I decided that I would modify a spare portafilter that came with my new Bezzera Unica machine. This video is my first attempt, the results were great.


----------



## iroko (Nov 9, 2012)

Fantastic crema.


----------



## Elli Dobson (Nov 25, 2013)

Indeed the crema looks almost unrealistic. Good job!


----------



## bazschmaz (Sep 2, 2013)

Pimp....

Did you just hack it out with a drill and some filing?


----------



## pedro88 (Nov 26, 2014)

Tasty crema


----------



## hotmetal (Oct 31, 2013)

You sure that's not Coke and aspirin?! That would have been my guess if I hadn't seen that beautiful pour. Made me want a coffee just watching, though at midnight with a 45min warm up time and bad insomnia, perhaps not.
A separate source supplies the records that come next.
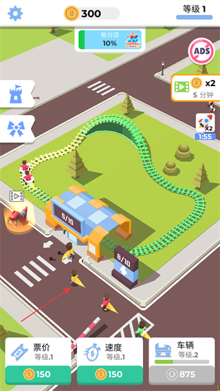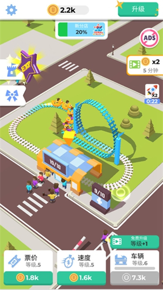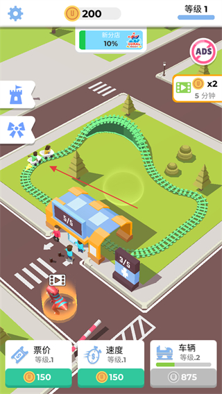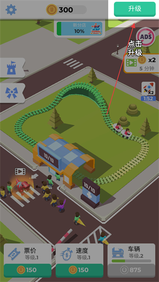 2、随着游戏进行,赚取更多金币,当有足够金币时,点击下方的票价,速度,车辆按钮进行升级升级所需金币会显示在按钮上。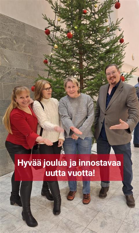 Hyvää joulua toivottavat Elävä Kainuu Leaderin henkilöstö Eeva-Liisa, Anne, Marja ja Ville (sekä kuvasta puuttuva Marjut)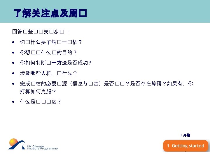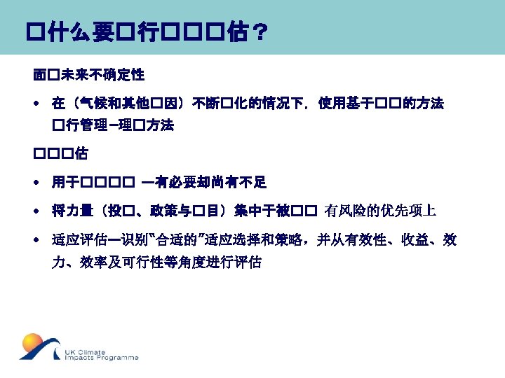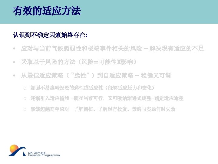 Supporting Effective Adaptation An on-line tool to help organisations adapt to climate change Adaptation Wizard • http: //www. ukcip. org. uk/index. php? option=com_content&task=view&id=147&Ite mid=297 • Based on “risk and uncertainty in decision-making” framework • Shares the risk framework’s intellectual basis and key concepts, but is presented in a “lighter”, action–oriented style.

So did you make that PF naked from the one-spouter in the box? Nice job!


----------



## icnoble (Nov 25, 2014)

A beautiful sight


----------



## tocateclas (Nov 29, 2014)

Are you using the Bezzera basket? I'm a Bezzera Unica owner for about three weeks and I have an issue with grind residues in cup. I'm charging 14g in the double basket. If I have a 20-25 seconds flow, I'm getting quite a lot of fines. If I grind coarser, less fines but under extracted coffee... The coffee puck uses to be not as dry as I'd like, which I understand is caused by a too fine grind and not enough coffee (?). My grinder is an Eureka Mignon.

Thanks


----------



## garydyke1 (Mar 9, 2011)

Your problem is not unique to the machine you have. Try 15.5-16g dose and go coarser to maintain desirable flow rate, see how it tastes.
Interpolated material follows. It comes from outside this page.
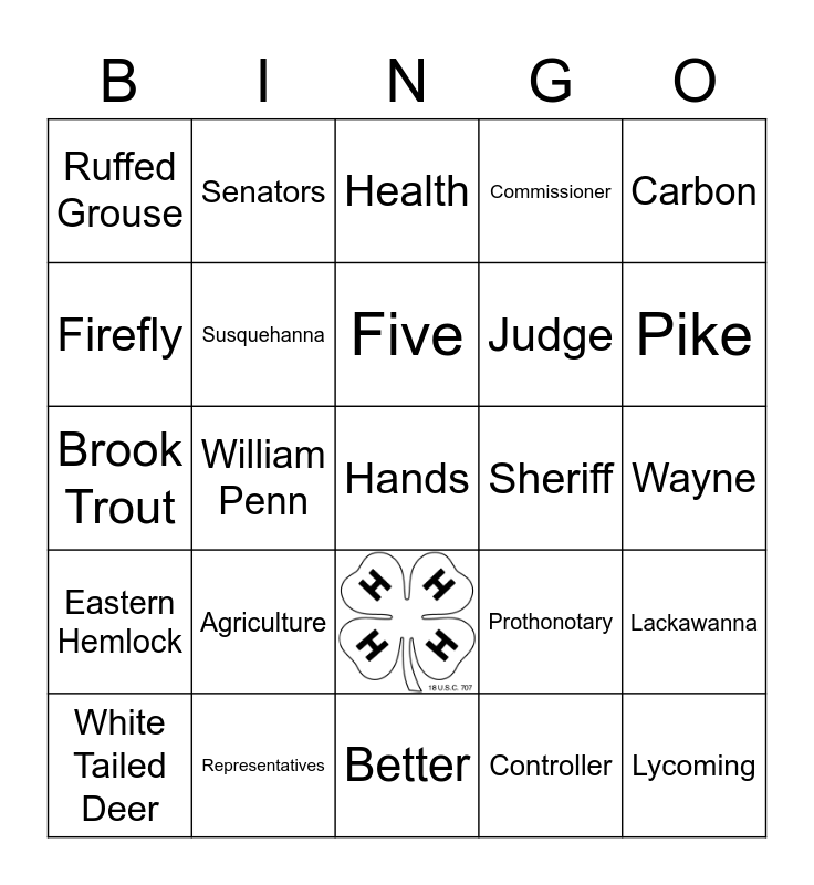 This bingo card has 1 images and 48 words: Mountain Laurel, Representatives, Head, Clerk of Courts, Wayne, White Tailed Deer, Senators, Heart, Commissioner, Northampton, Ruffed Grouse, Susquehanna, Controller, Lehigh, Eastern Hemlock, William Penn, Hands, District Attorney, Carbon, Brook Trout, Liberty Bell, Health, Judge, Monroe, Firefly, Harrisburg, White, Prothonotary, Pike, Great Dane, Mount Davis, Green, Register of Wills, Lackawanna, Milk, Betsey Ross, Doing, Sheriff, Luzerne, Heinz, Better, Treasurer, Centre, Agriculture, Five, Judge, Lycoming and January.

There will always be the odd fine at the bottom of the cup, this is espresso after all : )


----------



## tocateclas (Nov 29, 2014)

garydyke1 said:


> Your problem is not unique to the machine you have. Try 15.5-16g dose and go coarser to maintain desirable flow rate, see how it tastes.
> 
> There will always be the odd fine at the bottom of the cup, this is espresso after all : )


I tried to charge more than 15 grams and that seems to mess quite a lot the shower. Anyway I'll keep trying overdosing as you say, maybe I'll need to tamp harder.
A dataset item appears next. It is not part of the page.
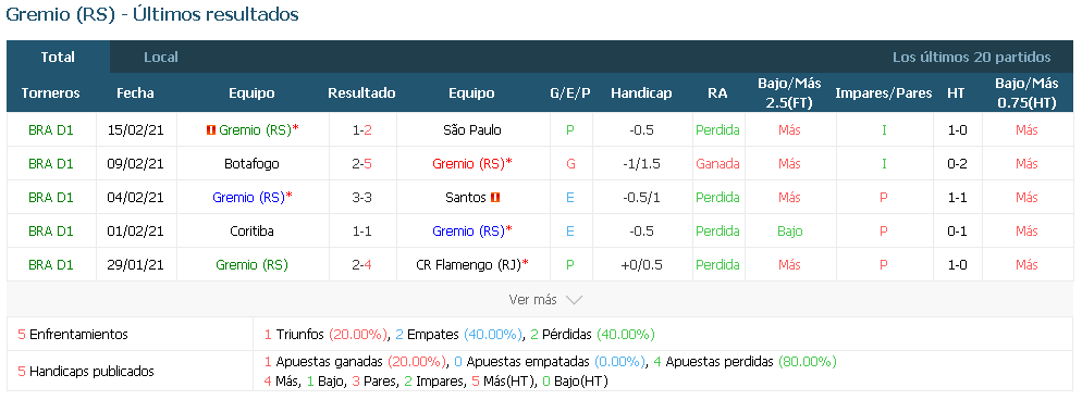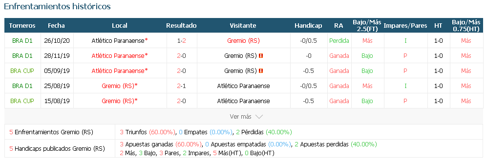 4 enfrentamientos entre el Grémio y este rival, creemos que este partido será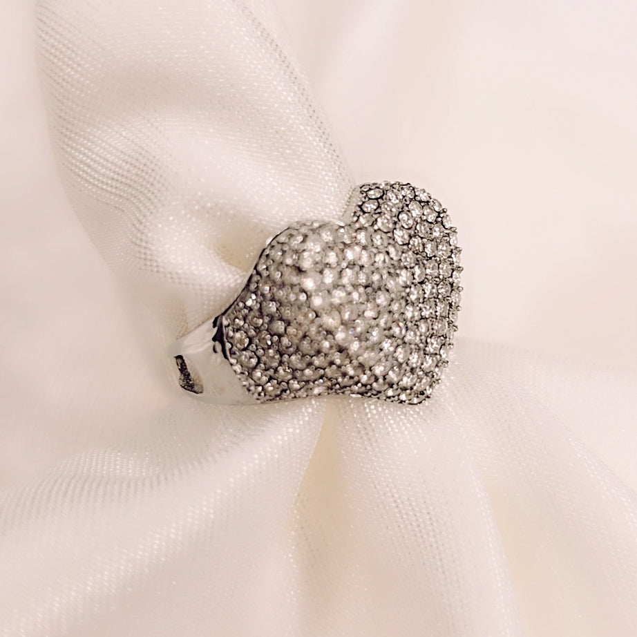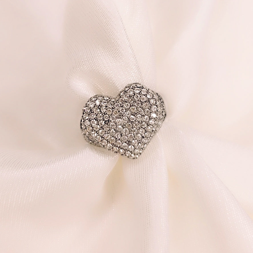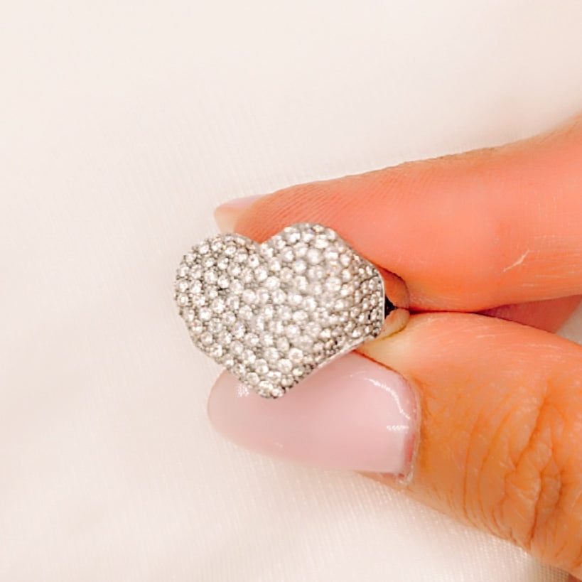 ​Il design è dominato da una forma a cuore, un simbolo classico di amore e affetto, interamente ricoperta da un pavé di punti luce.

The odd fine is not a problem for me!

I'm buying a IMS filter because it is supossed to minimize this issue. And because it is fun to try!


----------



## garydyke1 (Mar 9, 2011)

15g isn't over-dosing really. Tamp is irrelevant , the coffee will bloom and swell when immersed in hot water .

Thats why you flush screens in between shots


----------



## tocateclas (Nov 29, 2014)

Thanks again, I'll keep trying!

Sometimes I get a cup like this...


----------



## garydyke1 (Mar 9, 2011)

Wow that's a v v dark roast


----------